Among terrestrial ecosystem grasslands cover almost 40% of ice-free land surface, nevertheless their role as sources/sinks of atmospheric CO2 is not well clarified.
In this study the eddy covariance method was used to assess CO2 exchange at
an high elevation unmanaged grassland in the North-Western Italian Alps (Aosta
Valley - Torgnon), during three years (2008-2010) of measurements and to evaluate
how environmental factors affect photosynthetic processes.
The seasonal and inter-annual course of net ecosystem CO2 exchange (NEE),
ecosystem respiration (Reco), gross primary production (GPP) and the main meteorological variables was analysed. The three growing seasons had a similar seasonal
dynamic, characterised by a fast rise of photosynthetic activity after snow-melt followed by a gradual autumnal decline. Regarding the meteorological variables, only
precipitation, soil water content and snow depth differed markedly among two of
the studied years (2009-2010) compared to other factors which showed only small
differences in restricted time-periods.
To better interpret how weather variables modulate ecosystem processes at multiple time-scales (day, week, month, year), a quantitative analysis was performed applying wavelet coherence between time-series of GPP and time-series of different
meteorological factors (air and soil temperature, soil water content and photosynthetically active radiation).

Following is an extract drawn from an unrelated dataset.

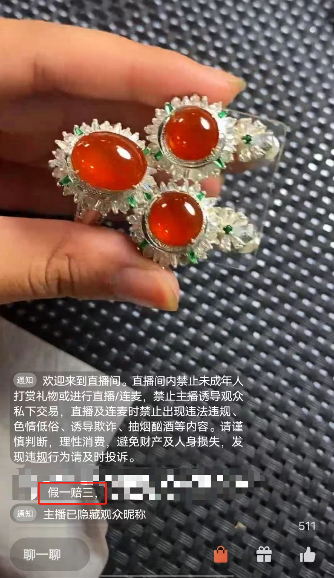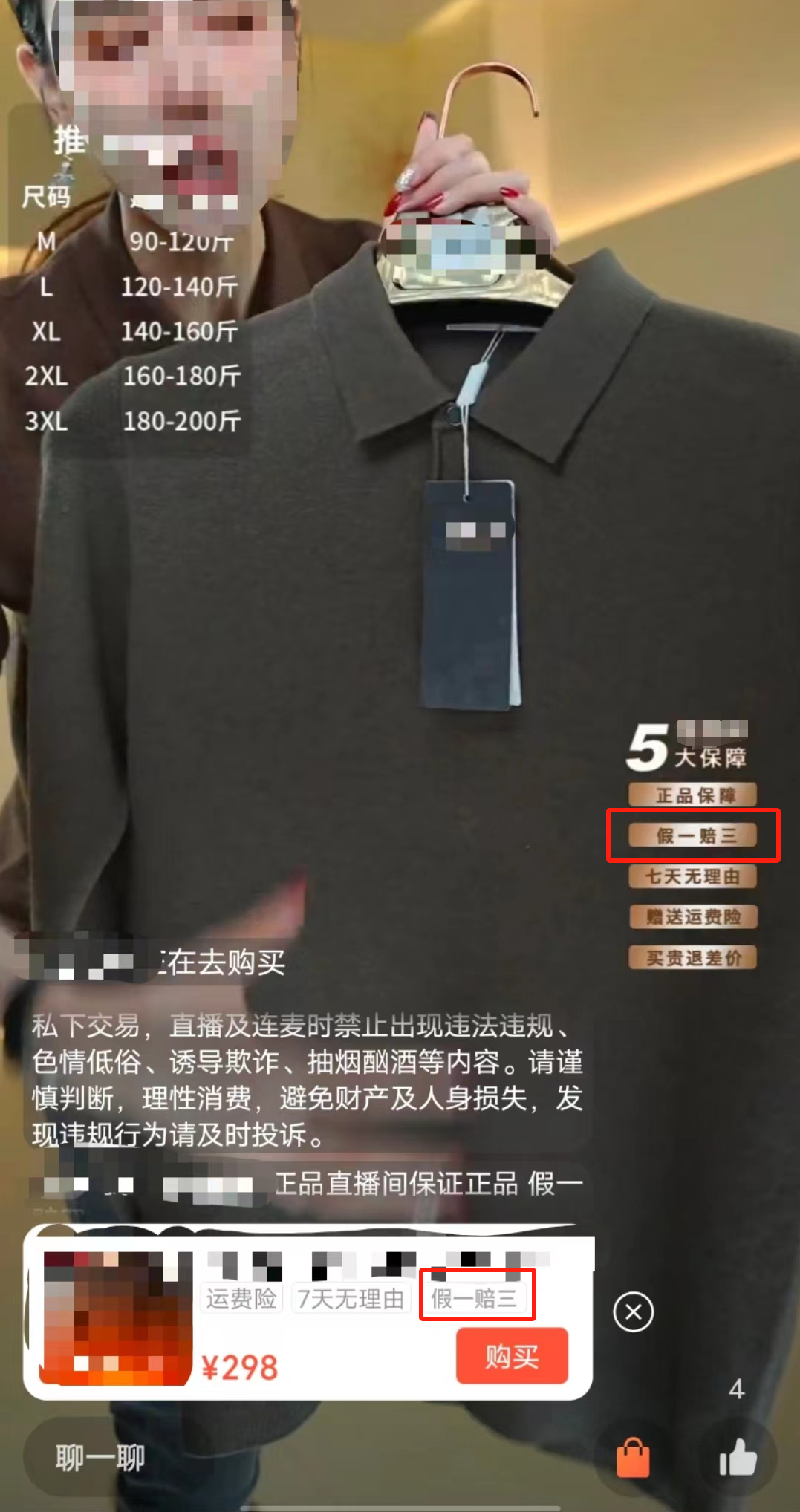 直播间屏幕贴图宣传“假一赔三”,且商品有“假一赔三”服务 | 直播公屏宣传“假一赔三”,但相应的商品无“假一赔三”服务 | |

Eddy covariance and meteorological data were combined with proximal sensing measurements to identify links between optical indices, canopy development
and fluxes. In particular a colour index derived from continuous digital imagery
(i.e. Greenness Index, (GI), based on RGB channels) and indices derived from an
HyperSpectral System (Hyperspectral Irradiometer, HSI) were used as input to simulate GPP, based on a light use efficiency (LUE) model. Results showed that a LUE
model driven by optical indices and meteorological variables is able to describe the
GPP trend in the two years of study. In particular the use of different model formulations provided insights on the role of the main meteorological factors controlling
grassland photosynthesis. The comprehension of these relationships at stand level
is essential for extrapolating such information at different spatial scales.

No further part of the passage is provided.